Riordan blasts Davis on education

LOS ANGELES – Former Los Angeles Mayor Richard Riordan lashed out at Gov. Gray Davis for his education policies, shouting at a Saturday news conference, “Gray Davis, in the name of God, in the name of our children, stop this!”

In a tight contest with businessman Bill Simon for the March 5 GOP nomination for governor, Riordan, at the Republican Latino Summit, accused the Democratic governor of promoting policies he said were undermining Proposition 227, which limited bilingual education.

“It’s worse than nonsense. It’s downright evil,” Riordan said heatedly of regulations under consideration by the state Board of Education that would give teachers rather than parents the right to apply for waivers to place students in bilingual programs.

Davis press secretary Roger Salazar dismissed the criticism and said although the governor opposed Proposition 227, he is committed to upholding it. Salazar said the Board of Education is simply considering regulations to make sure the proposition works.

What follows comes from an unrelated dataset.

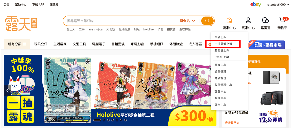 Step 1 – 請登入後點選首頁右上方【賣家中心】>【新增一抽露魂】

“This man has lost it,” Salazar said of Riordan. “His campaign is obviously in a free fall . . . they’re frantically trying to find a way to save themselves.”

Proposition 227 passed in 1998 with the support of 61 percent of voters, but only 37 percent of Hispanic voters. Nonetheless Riordan made the issue the centerpiece of a news conference at the daylong Latino Summit hosted by state and national Republicans at the Los Angeles Airport Marriott Hotel.

He also unveiled a 30-second Spanish-language advertisement that began running statewide Saturday, the first Spanish-language ad to be run by a GOP candidate during a California gubernatorial primary.

Davis began running an ad in Spanish on Tuesday.

Riordan, a moderate who enjoyed strong support from Latinos during his eight years as mayor, might seem to have stronger appeal to Latino voters than conservatives Simon or Secretary of State Bill Jones, the third major GOP candidate.

But Jones and Simon also were present Saturday, and at a lunchtime forum each candidate spoke of his commitment to education and delivered other messages tailored for a Latino audience. It was probably the candidates’ last face-to-face meeting before Election Day, but the event did not allow them the opportunity to interact with one other.

Simon also criticized Davis on education, alleging California schools are failing children.

“It’s a moral outrage; it’s the worst thing about our state in my estimate,” he said.

Jones touted his work as secretary of state in cracking down on notaries public who seek to defraud Latinos.

“We’ve worked hard to work with the Latino community and walk the walk,” he said.

The summit, designed to help the GOP reach Latino voters and generate enthusiasm nine days before the primary, drew state and national party leaders as well as some 400 party members and Latino activists.

With President Bush committed to increasing the Republican Party’s strength among Latinos, party members are stepping up efforts in California, home to a burgeoning Latino community that’s demonstrated a reluctance to vote Republican.